外面狂風暴雨,白茫茫一片,湧入的海水越來越多。
溫一凡堅實的臂膀穩穩托著渾身濕透的唐小雅,大步流星地往樓上走。
雨水浸透了他的T恤,緊緊貼在身上,勾勒出寬闊的肩膀和結實的背部線條。
他邊走邊沖樓下喊,「柚柚,帶二爺爺上二樓。」
溫一凡一腳踹開唐小雅的房門,將她輕柔地放在床沿。
他轉身從柜子里扯出一條厚實的大毛巾,快速將她整個裹住。
男人的動作有些粗魯,但語氣裡帶著不容置喙的關心。
「你趕緊換個乾淨的衣服,別著涼。」
「嗯。」
唐小雅點了點頭,看著他轉身帶上門。
房間裡只剩下她自己,她脫下濕透的上衣,動作忽然一頓,走到鏡子前。
背部、腰側、還有胸口下方,幾道淡紅色的傷口猙獰地趴在白皙的皮膚上,醜陋不堪。
最後,她抬手,摘下臉上的口罩。
鏡中的臉陌生又熟悉。
左邊臉頰那道刀傷已經快要癒合,留下一道淺淺的粉痕。
右臉那片擦傷的痂也快掉完了,只剩下一塊雞蛋大小的紅色印記,十分礙眼。
二爺爺說,這兩處傷要完全消退,起碼得用藥養上兩個月。
現在的這張臉,簡直是面目全非。
她迅速換上一條乾爽的裙子,走到窗邊。
外面的世界狂風大作,宛如世界末日。
這一個多月發生的事情,走馬燈般在她的腦海里回放。
她不知道,自己為什麼能在水裡呼吸。
她只記得,當時她雙手被死死捆住,整個人就像一縷無主的遊魂,被湍急的江水裹脅著,身不由己地向前沖。

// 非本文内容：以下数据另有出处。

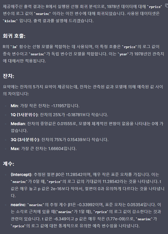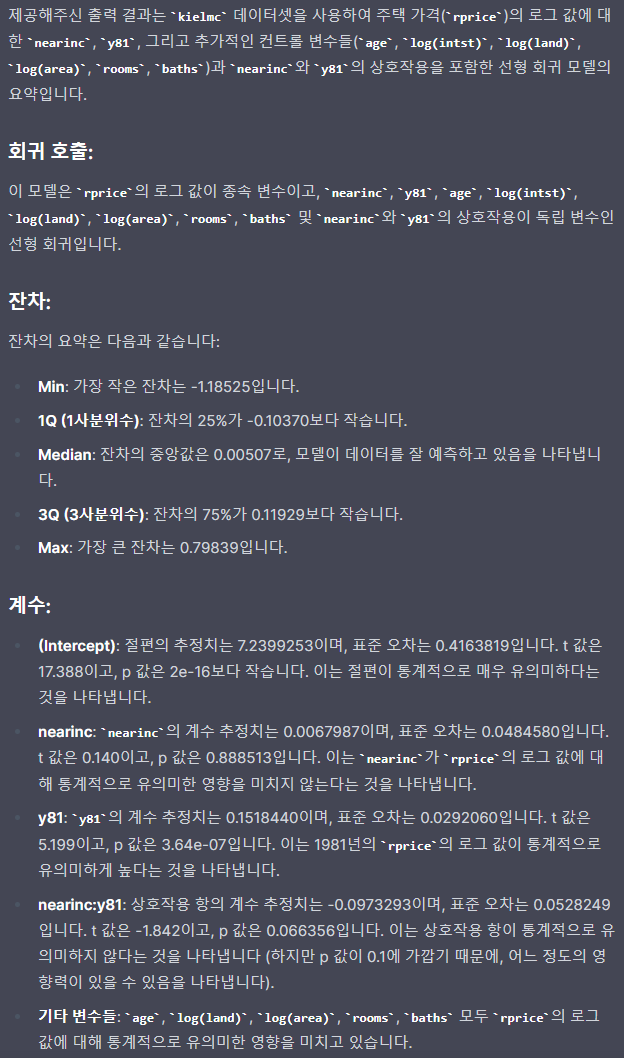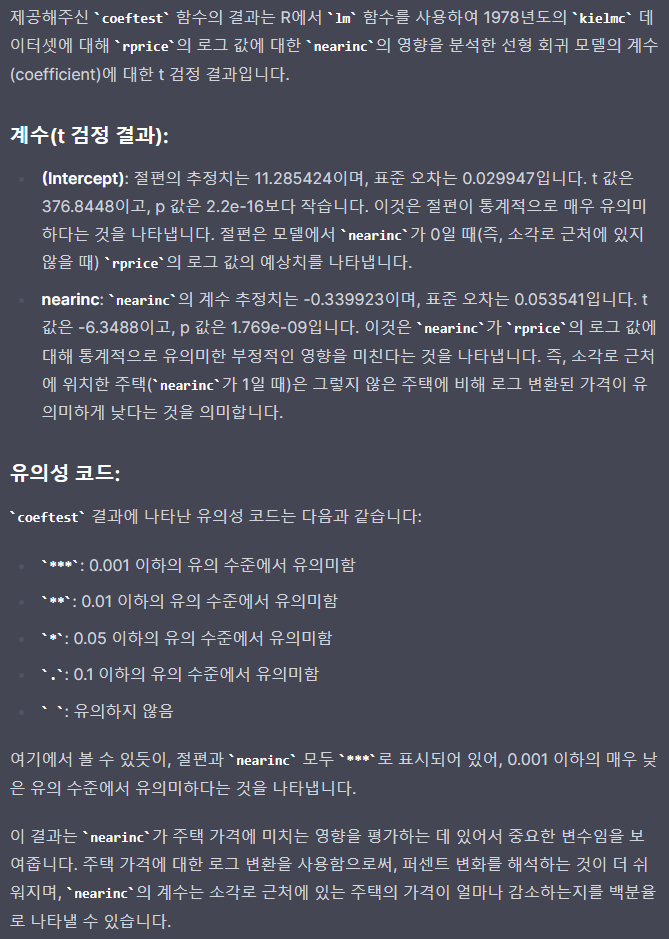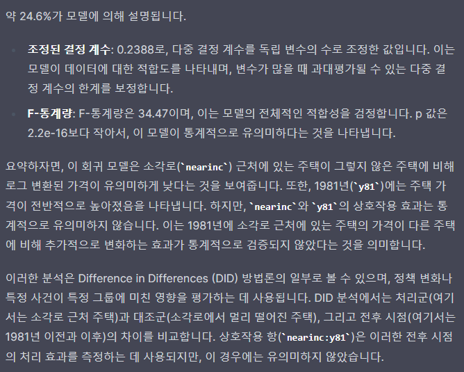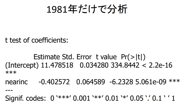 - nearinc*y81 : 유의하게 음(-)의 값 → 1981년 실제 착공 후 가격에 음(-)의 영향을 미침

江底的暗礁一次又一次撞上她的身體,撞得她皮開肉綻,痛得麻木。
鮮血在水中瀰漫開,又瞬間被衝散。
不知過了多久,手腕上的繩子被沖開了。
她整個人也被巨大的水流推進了無邊無際的大海。
她拼命地往回遊,在快要力竭的時候,抓住了一張漁網,用盡最後一絲力氣死死攥住,怎麼也不敢鬆手。
她怕。
怕自己被衝到茫茫大海的中央,就再也回不來了。
最後,她意外被溫一凡兄妹救了上來。
這就是命定的際遇,也許是爸爸在天上看著她,用當初救了溫柚柚一命的善恩,換自己的一絲生機。
想著這一切,她的眼眶紅了。
幾天前,宴堇來了。
他竟然現身在這個漁村,那時,她就站在他的面前,隔著十幾步的距離。
可他竟沒認出她。
他的身旁,還有一個身材火辣的美女陪著,從他臉上看不出任何悲傷。
也許,她的死活,他根本就不在乎。
也對。
她算什麼?
不過就是他公司旗下一個稍微紅點的藝人。
卡卡娛樂旗下有幾百號藝人,美女如雲,少她一個唐小雅,還有無數個更年輕、更漂亮的女孩子能頂上。
她又想起那天早上。
她哭著求他,求他陪她回一趟蘇城,看看生病的媽媽。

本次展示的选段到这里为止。